Оно светит ярко, но холодом веет,
Когда покрывается снегом земля.
Оно неживое, но всё в позолоте.
Оно хочет света, который даёт.
Но в мире бывает такое явленье:
Закаты империй, закаты всего,
А в них, хоть и жарко, порой бесконечны
Те крови потоки, пролившейся вдруг.
Закаты империй и холод традиций,
Вдруг начал, как лёд на реке, всё трещать.
И треск этот, громкий, никак не заглушит
Тот свет золотой, что всё с неба идёт.
Серебряный снег — его век так недолог,
Коль он на Земле решил выпасть зимой.
Едва ли три месяца и... Снова тает,
Но там, на горе, он так вечен, могуч...
Он там так давно, он король на вершине,
Он правит, не зная о горе людском,
Он так же, как камень, нам кажется вечным,
Конечно, людской-то ведь век очень мал.
А льды Антарктиды не тают столетия,
Хотя, даже не больше не тают те льды....
Они для нас вечны, мы их так боимся,
Что сами их губим порой и всё зря.
Не будет тех льдов — будет наша планета
Под толщей бескрайней, жестокой воды,
Не будет тех льдов и не будет животных,
Которыми мы восхищаться должны.
Не будет планеты, коль что колыхнётся,
Не будет и нас, коль не будет Земли...
А мы всё заметим лишь в миг катастрофы,
Коль даже нам мир всё сказать поспешит.
Серебряный, чуждый, лежит на вершине
Огромной, седой и жестокой горы,
Всё кажется мне, что блестит на вершине
Не снег, а слеза всей планеты Земли...
Король Алан Двенадцатый проявил себя, как правитель нервный, не слишком уравновешенный и уж больно осторожный. Он легко поддавался влиянию. Министры пользовались этой его слабостью. Шпионы тоже. Пожалуй, единственным человеком, кто не смеялся над ним, была Моника. Шпионка вообще не слишком любила смеяться над кем-либо.
А в королевстве этом была далеко не только она одна. Георг, например, один из лучших шпионов, прекрасно разбирающийся в политике и военном деле, обожал подшучивать над королём. Правда, ему позволялось это. Его заслуги были довольно велики, благодаря чему прощались многие провинности, в частности, подтруниванье над начальством.
Королевством фактически управлял первый министр. Человек довольно интересный и даже странный. Что можно сказать об этом первом министре? Пожалуй, то, что человек это был уже не молодой, но ещё и не старый, на вид ему вряд ли можно было дать больше сорока, но было прекрасно известно, что уже тридцать пять лет как он приступил к своей должности. Волосы у него казались тёмно-серыми из-за прослеживающейся седины, которая, однако, ещё не покрыла всю его голову. Так же имел он пронзительно-ясные серые глаза, которые видели и запоминали всё, что возможно было увидеть и запомнить.

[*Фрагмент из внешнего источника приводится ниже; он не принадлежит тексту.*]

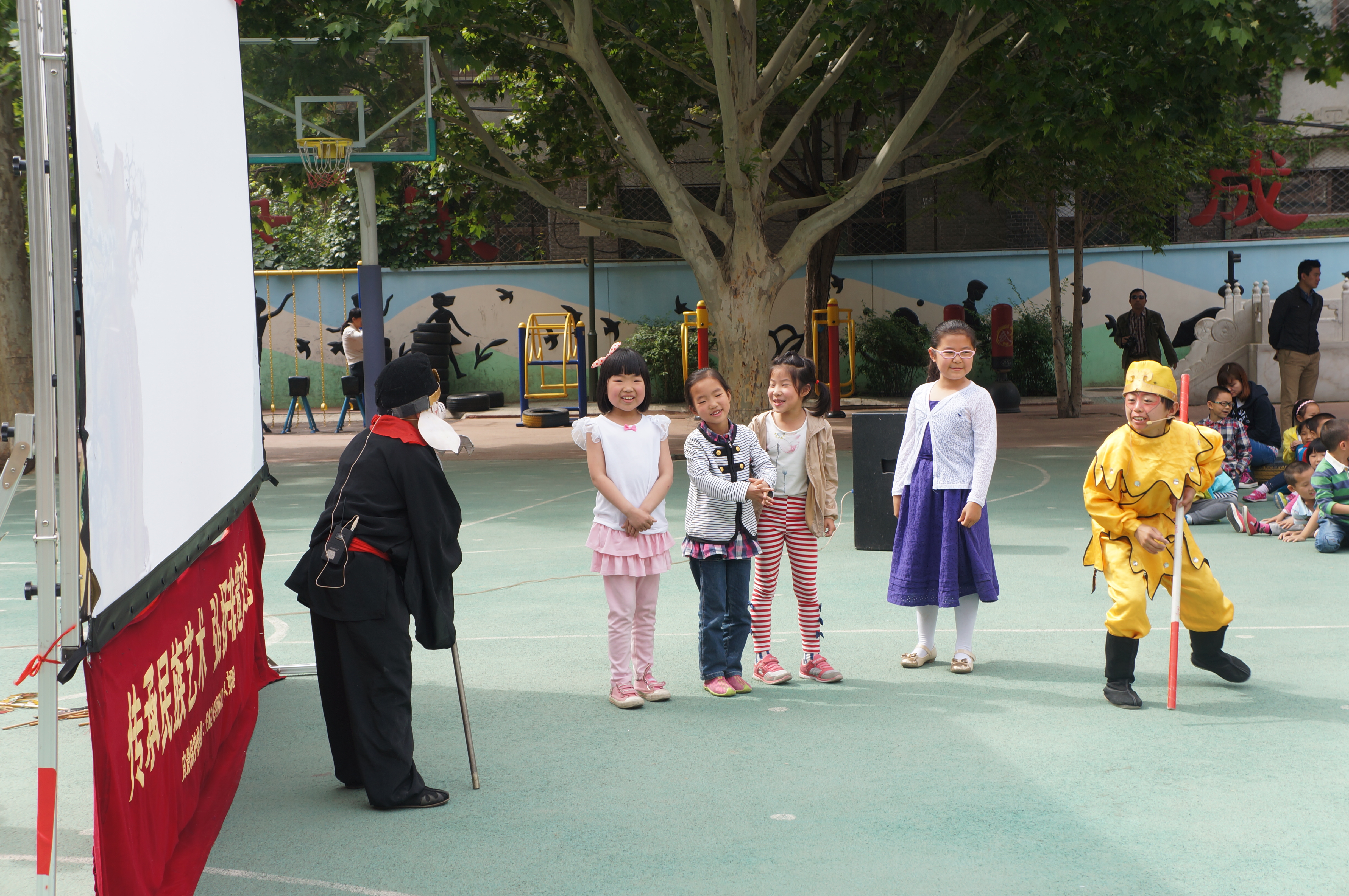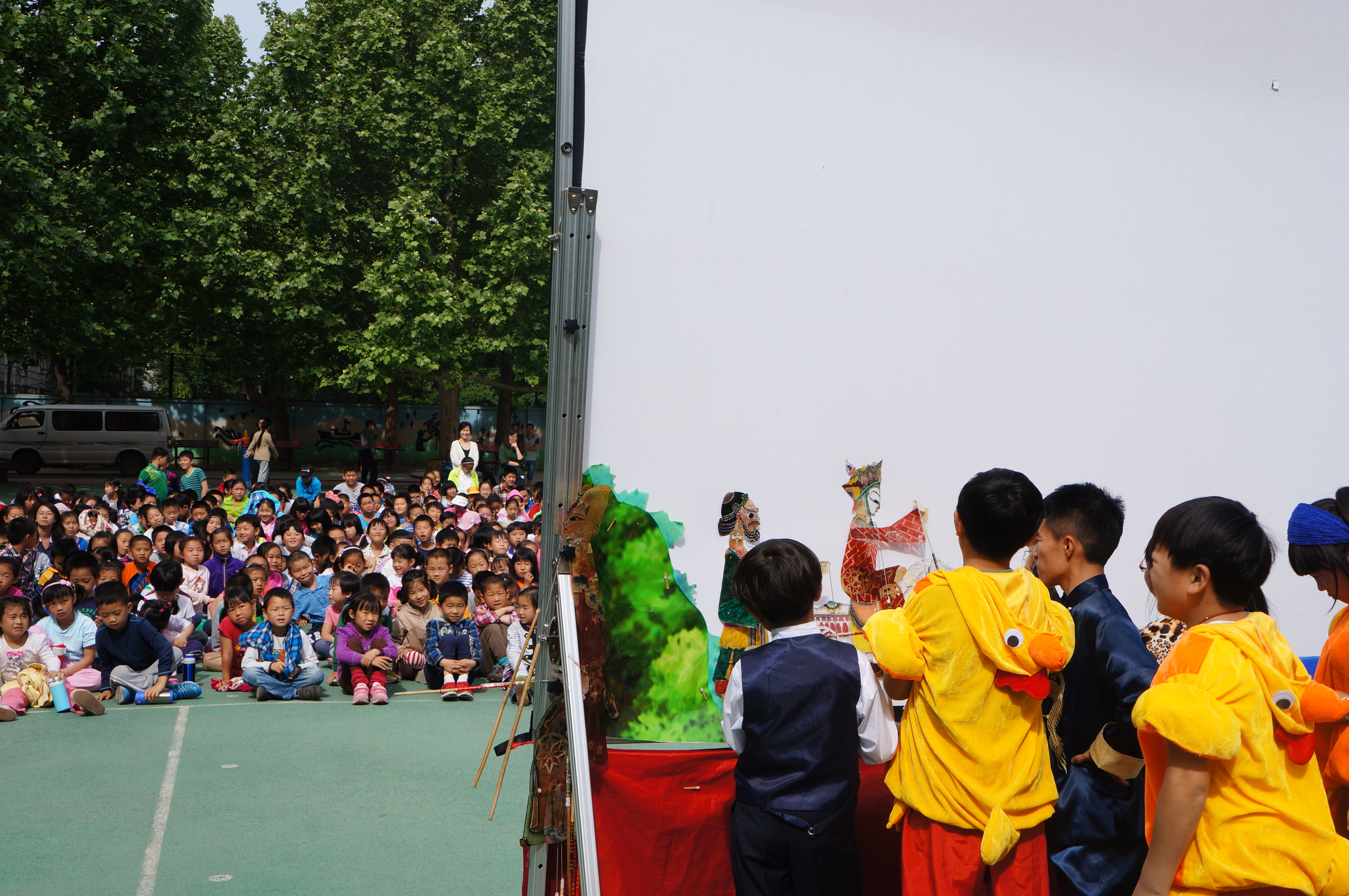皮影是结合了戏剧和音乐表演形式的古老艺术,经过演员们精彩的演绎,使同学们深切感受到了中华民族传统文化的魅力。小演员们有时在白色幕布后面,一边操纵戏曲人物,一边用流行的曲调唱述故事,有时跑到幕前和同学们来个有趣的互动。一个多小时的皮影戏,像磁铁一样吸引着每一个小观众。

Когда он пришёл на свой пост? Дата была хорошо известна: пятый день рождения единственной дочери предыдущего короля, Генриха Шестого, — Кассандры, сестры нынешнего короля. Это было прекрасное время, которое редко выпадает государству и народу — двум понятиям, которые должны быть неразделимыми, но являются вполне самостоятельными.
Сколько лет ему было тогда? Вряд ли больше тридцати. Тогда он был ещё очень молод и вступил в должность только благодаря помощи подруги своей сестры, возраста которой также никто не мог дать, так же, как не было известно и то, старше она была его или моложе, Джулии Траонт, герцогини, которая жила в сказочном и приходилась сводной старшей сестрой тому королю, которой он был обязан и так. Как именно? Никто не знал.
Так же про него было известно, что человек это был, в общем, добрый, хоть и суровый. Он прекрасно справлялся с обязанностями, добросовестно выполнял свою работу.
Женщины его обожали, он их тоже, что, впрочем, не помешало ему остаться холостяком. Он прекрасно находил время для всевозможных развлечений, даже решая самые сложные государственные задачи.
Его вряд ли кто мог застать за требованием или присвоением какой-либо суммы денег, которую он не имел право брать. Он также никогда не пытался дать кому-либо взятку, что в его положении вряд ли было бы оправданным.
Это был тот человек, который является почвой для слухов и сплетен, но сам подобными вещами заниматься не любит.
Это был человек, к которому обращались за помощью в особо трудных ситуациях, но... Для того, чтобы попасть к нему на приём, нужна была всего лишь одна вещь — его подпись на каком-либо документе. А свои автографы ставить он не любил.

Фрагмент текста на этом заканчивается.